The two ingredients of the present curable resin compositions will now be 
explained in detail. 
I. The Curable Resin 
The curable resin comprising ingredient (I) is the base material of the 
present resin composition, and a wide variety of curable resins known in 
the art can be used here. Examples of suitable resins include but are not 
limited to: formaldehyde resins, xylene resins, xylene/formaldehyde 
resins, ketone/formaldehyde resins, furan resins, urea resins, imide 
resins, melamine resins, alkyd resins, unsaturated polyester resins, 
aniline resins, sulfonamide resins, silicone resins, epoxy resins, and 
copolymers obtained by reacting two or more of these resins. 
Phenolic, imide, epoxy, and silicone resins are preferred. It should be 
pointed out that silicone resins are typically brittle non-elastomeric 
hydrolysis reaction products of two or more organohalosilanes, and are a 
different class of materials from the finely divided cured silicone rubber 
particles the particles that constitute ingredient II of the present 
compositions. 
Ingredient I can be a single resin or a mixture of two or more resins. 
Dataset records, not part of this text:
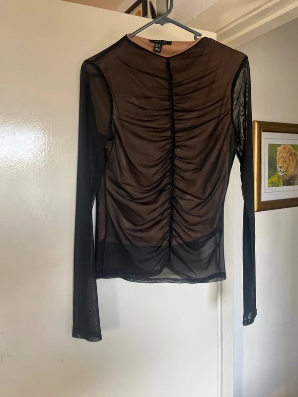 Black and brown ruched top from New Look. Features a sheer, mesh fabric with a ruched design for a dramatic look. Perfect for adding a touch of drama to any outfit.
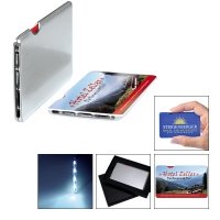Artikel-Nr: 57383550SI-RO4 LED Leuchte im Scheckkarten Format. Praktische Leuchte mit 4 superflachen LED (16 Lumen). Das stabile ABS Gehäuse ist auf einer Seite mit einer Aluminiumplatte ausgestattet, um eine individuelle Gestaltung, wenn gewünscht sogar ganzflächig, zu ermöglichen. Durch das flache Format und das geringe Gewicht eignet sich die LED Leuchte perfekt für Mailingaktionen. 2 Lithium-Knopfzellen CR2016 und hochwertige Karton-Geschenkverpackung inkl.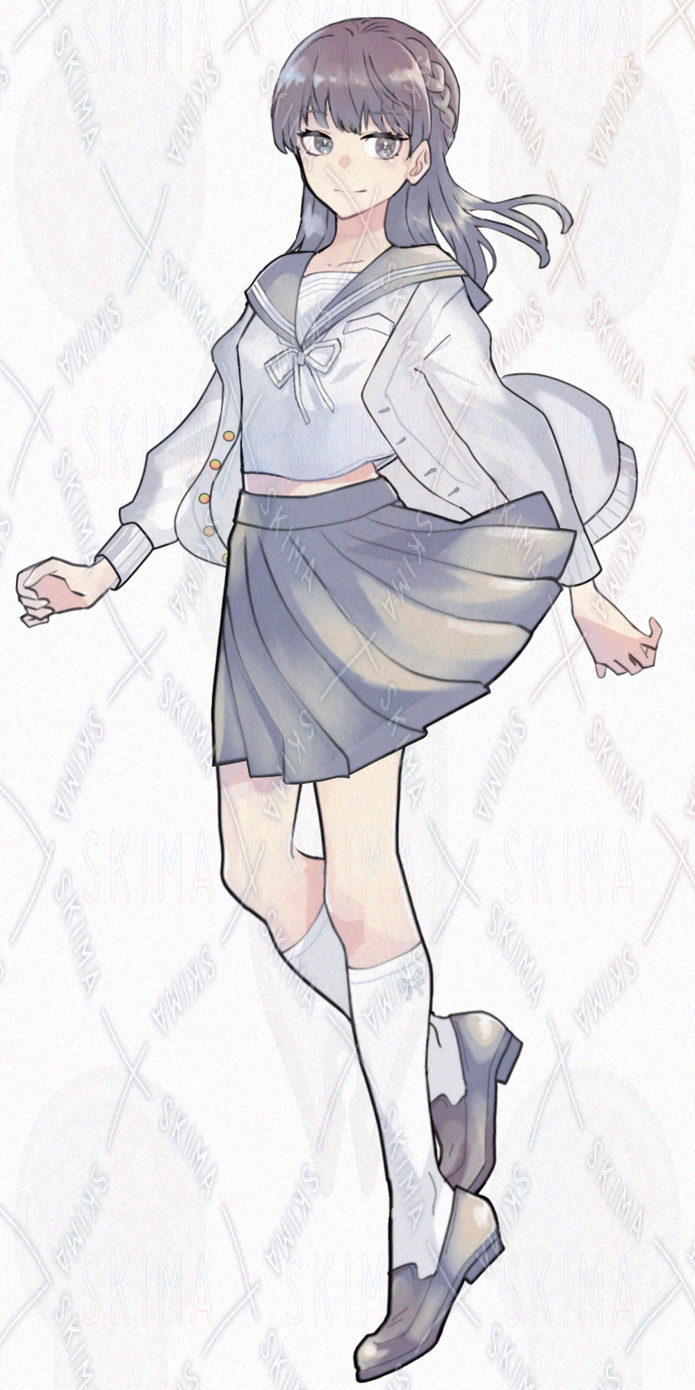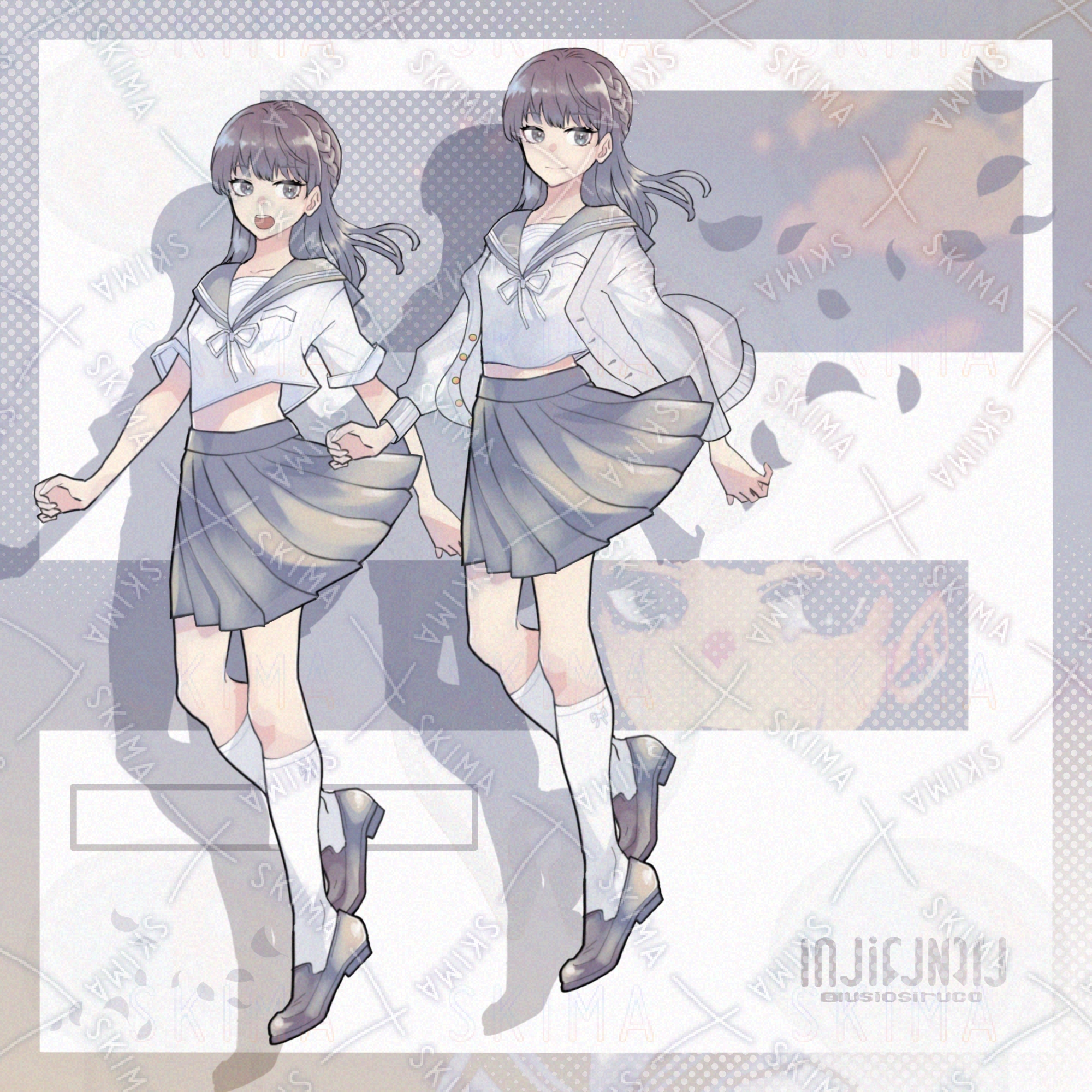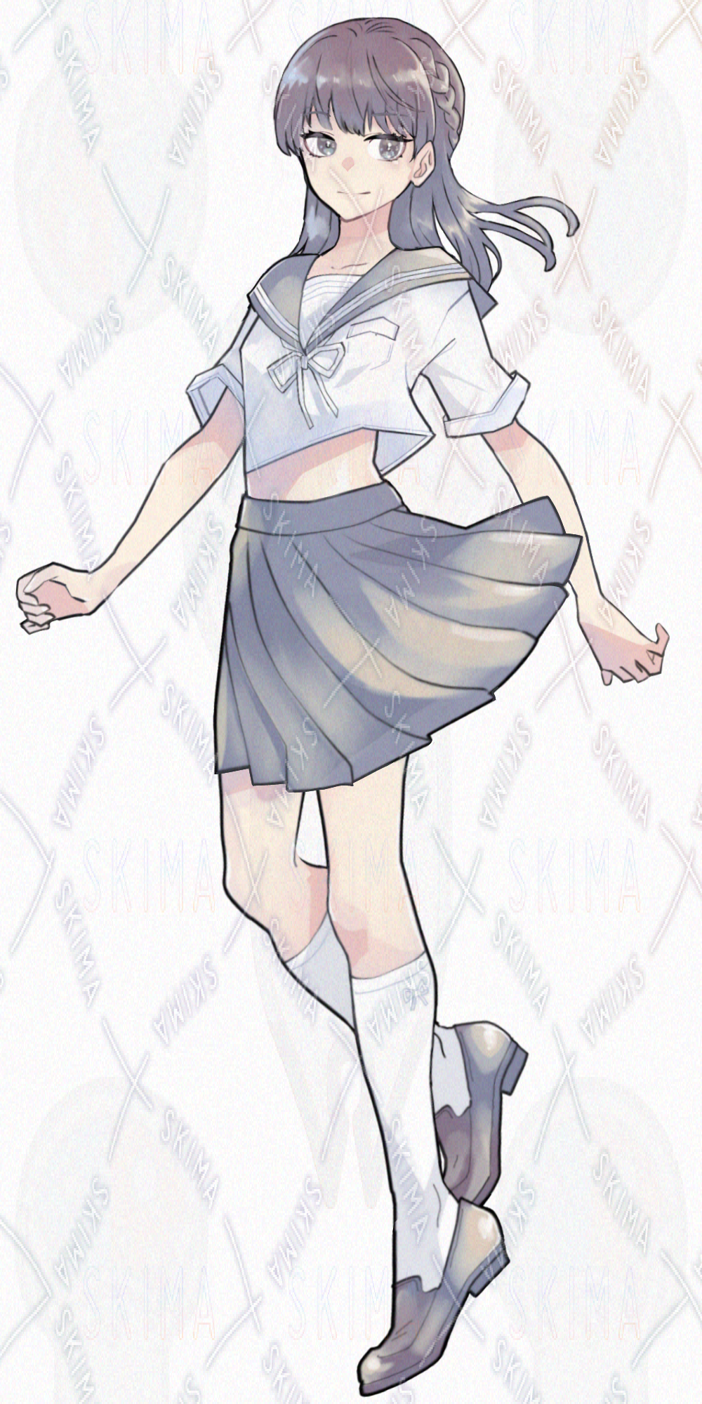 夏服のセーラー服を着た、三つ編みハーフアップの女の子です。

Furthermore, ingredient I encompasses not only resins which cure by the 
application of heat with or without a curing catalyst, but also those 
resins curable by exposure to radiation, for example, ultraviolet and 
gamma radiation. To facilitate blending with the finely divided silicone 
rubber particles the uncured resin is preferably either a liquid at room 
temperature or melts below about 50.degree. C. 
In addition to the resin itself, curing agents, curing catalysts, 
photosensitizers, fillers, metal salts of higher fatty acids, ester waxes, 
plasticizers, and other additives and/or modifiers can be present. 
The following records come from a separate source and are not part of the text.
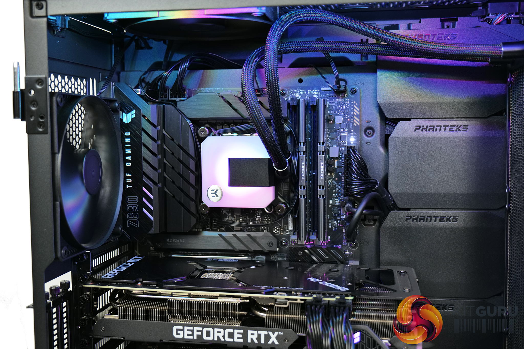 As for the motherboard, OCUK has gone with the ASUS TUF Gaming Z690 Plus WiFi D4. It’s proven to be a solid Z690 board in my testing and has not given me any cause for complaint, and as we show in the video, it runs the 12900KF at 4.9GHz as expected without drawing a ton of power. The ‘D4' in the name is also important as it means the board uses DDR4 memory, a smart decision from OCUK in my opinion as DDR5 is still more expensive and is unlikely to be of much benefit to the type of buyer considering a system like this.
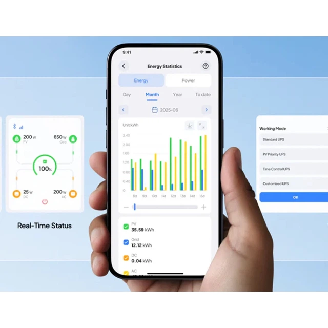 З мобільним додатком BLUETTI App ви маєте повний контроль над станцією. Керуйте швидкістю заряджання, обмеженнями потужності, плануйте роботу за розкладом та відстежуйте показники у реальному часі через Wi-Fi або Bluetooth.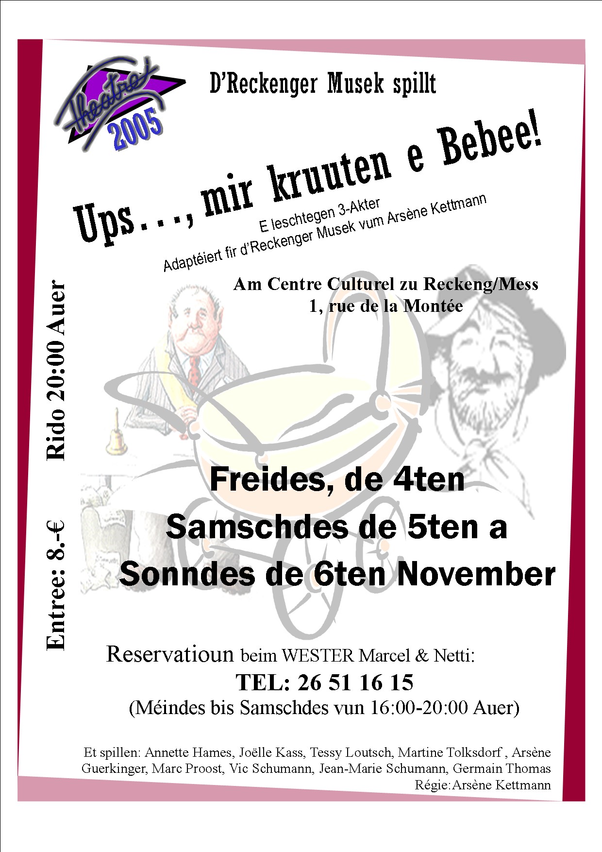 Martine Draut, Andrée Gindt, Annette Hames, Lis Thomas, Josiane Van de Sluis, Arsène Guerkinger, Nicky Hames, Jean-Marie Schumann, Germain Thomas, Christian Tolksdorf, Alex Van de Sluis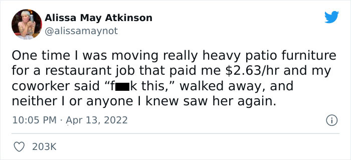 Following the trend, Twitter user Alissa May Atkinson from Brooklyn, New York shared a story of how “One time I was moving really heavy patio furniture for a restaurant job that paid me $2.63/hr and my coworker said '**** this,' walked away, and neither I or anyone I knew saw her again.” The tweet amassed 203K likes, resonating with many people on the platform.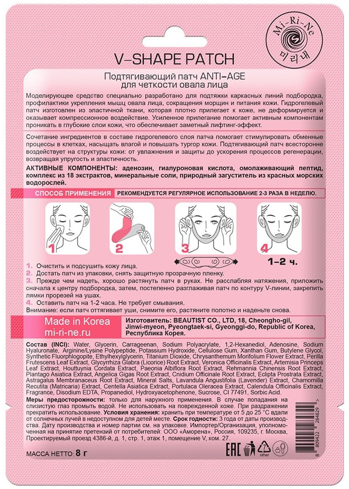 Mi-Ri-Ne Патчи для лица подтягивающие «V-Shape»В данный момент этот товар отсутствует в продаже. Возможно, у нас найдется аналогичный или похожий товар здесь. Моделирующее средство специально разработано для подтяжки каркасных линий подбородка, профилактики укрепления мышц овала лица, сокращения морщин и питания кожи. Гидрогелевый патч изготовлен из эластичной ткани, которая плотно прилегает к коже, не деформируется и оказывает компрессионное воздействие. Усиленное прилегание помогает активным компонентам проникать в глубокие слои кожи, что обеспечивает заметный лифтинг-эффект. Сочетание ингредиентов в составе гидрогелевого слоя патча помогает стимулировать обменные процессы в клетках, насыщать влагой и повышать тургор кожи. Подтягивающий патч всесторонне воздействует на структуры кожи: от увлажнения и защиты до ускорения процессов регенерации, возвращая упругость и эластичность. |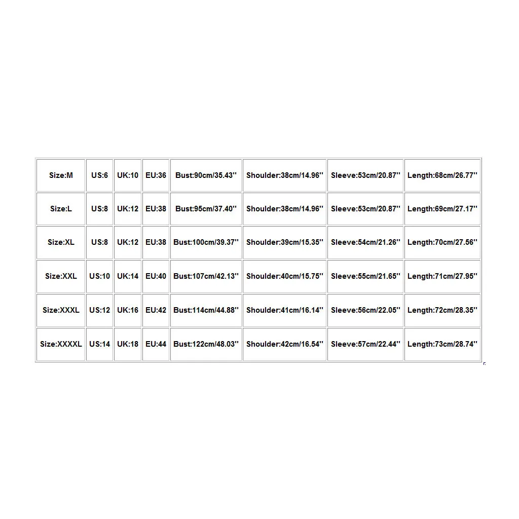 Size US UK EU Bust Shoulder Sleeve Length M 6 10 36 90cm/35.43'' 38cm/14.96'' 53cm/20.87'' 68cm/26.77'' L 8 12 38 95cm/37.40'' 38cm/14.96'' 53cm/20.87'' 69cm/27.17'' XL 8 12 38 100cm/39.37'' 39cm/15.35'' 54cm/21.26'' 70cm/27.56'' XXL 10 14 40 107cm/42.13'' 40cm/15.75'' 55cm/21.65'' 71cm/27.95'' XXXL 12 16 42 114cm/44.88'' 41cm/16.14'' 56cm/22.05'' 72cm/28.35'' XXXXL 14 18 44 122cm/48.03'' 42cm/16.54'' 57cm/22.44'' 73cm/28.74''
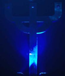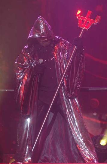 Nostradamus mit bedrohlich leuchtenden Augen (Scheinwerfer) entgegen.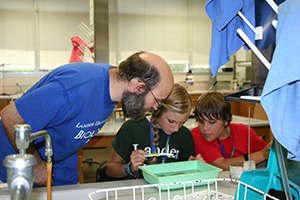 Lander University assistant professor of biology Kerry Hansknecht helps Stevie Manley, a home-schooled ninth-grader from Greenwood, and Matt Smith, a seventh-grader at Northside Middle School, identify the insect larvae they collected from a local stream. The students were participants in Hansknecht's Nature Study Day Camp, one of the Fuji Summer Science and Math Enrichment programs offered each summer at Lander.

II. The Cured Silicone Rubber Particle 
The finely divided silicone rubber particles are prepared from an 
organosiloxane composition that cures by a platinum-catalyzed 
hydrosilylation reaction. The ingredients of this curable composition will 
now be described in detail. 
The Organopolysiloxane (Ingredient A) 
The organopolysiloxane identified hereinbefore as ingredient A is the 
principal ingredient of the curable material used to prepare the cured 
silicone rubber particles referred to herein as ingredient II. This 
ingredient can be any organopolysiloxane containing at least two 
silicon-bonded lower alkenyl groups in each molecule. The molecular 
configuration of this ingredient is preferably straight chain, however 
partially branched or network configurations are also permissible. 
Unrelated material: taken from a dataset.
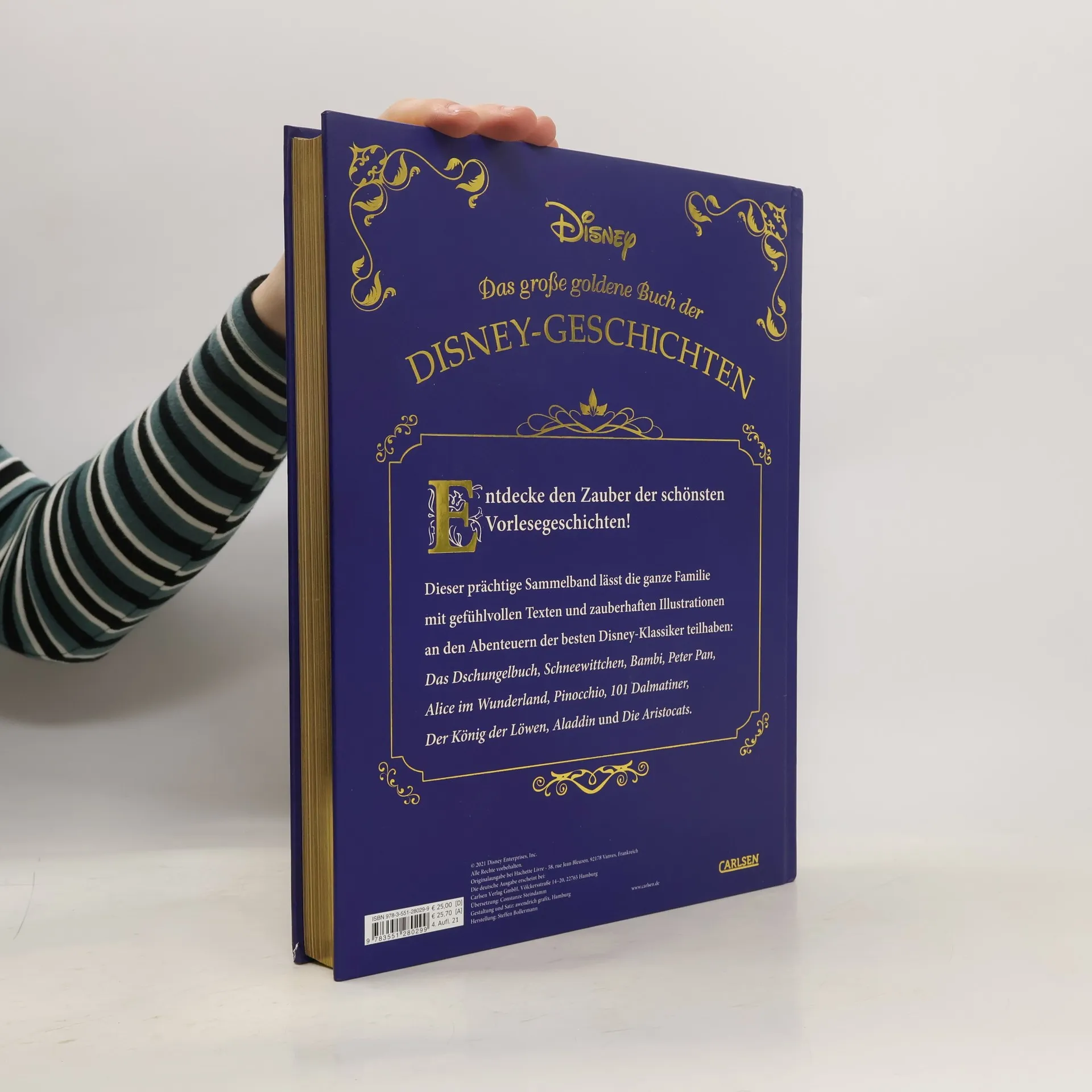 Dieser prächtige Sammelband für ganze Familie mit Goldschnitt, Lesebändchen und edelster Ausstattung lässt die ganze Familie mit gefühlvollen Texten und zauberhaften Illustrationen an den Abenteuern der besten Disney-Geschichten teilhaben: Das Dschungelbuch, Bambi, Schneewittchen, Peter Pan, Alice im Wunderland, Pinocchio, 101 Dalmatiner, Der König der Löwen, Aladdin und Die Aristocats.

The viscosity of ingredient A at 25 degrees Centigrade can range from 10 
centipoise (0.01 Pa.s) up to but not including that of a gum. The cured 
silicone rubber particles are brittle when the viscosity of ingredient A 
is below 10 centipoise, and it is difficult to prepare an emulsion when 
ingredient A is a gum. To avoid either of these difficulties the viscosity 
of ingredient A is preferably from 50 to 100,000 centipoise (0.05 to 100 
Pa.s). A range of from 50 to 10,000 centipoise (0.05 to 10 Pa.s) is 
particularly preferred. 
The organic groups bonded to the silicon atoms of the siloxane units in 
ingredient A are monovalent hydrocarbon or halogenated hydrocarbon groups. 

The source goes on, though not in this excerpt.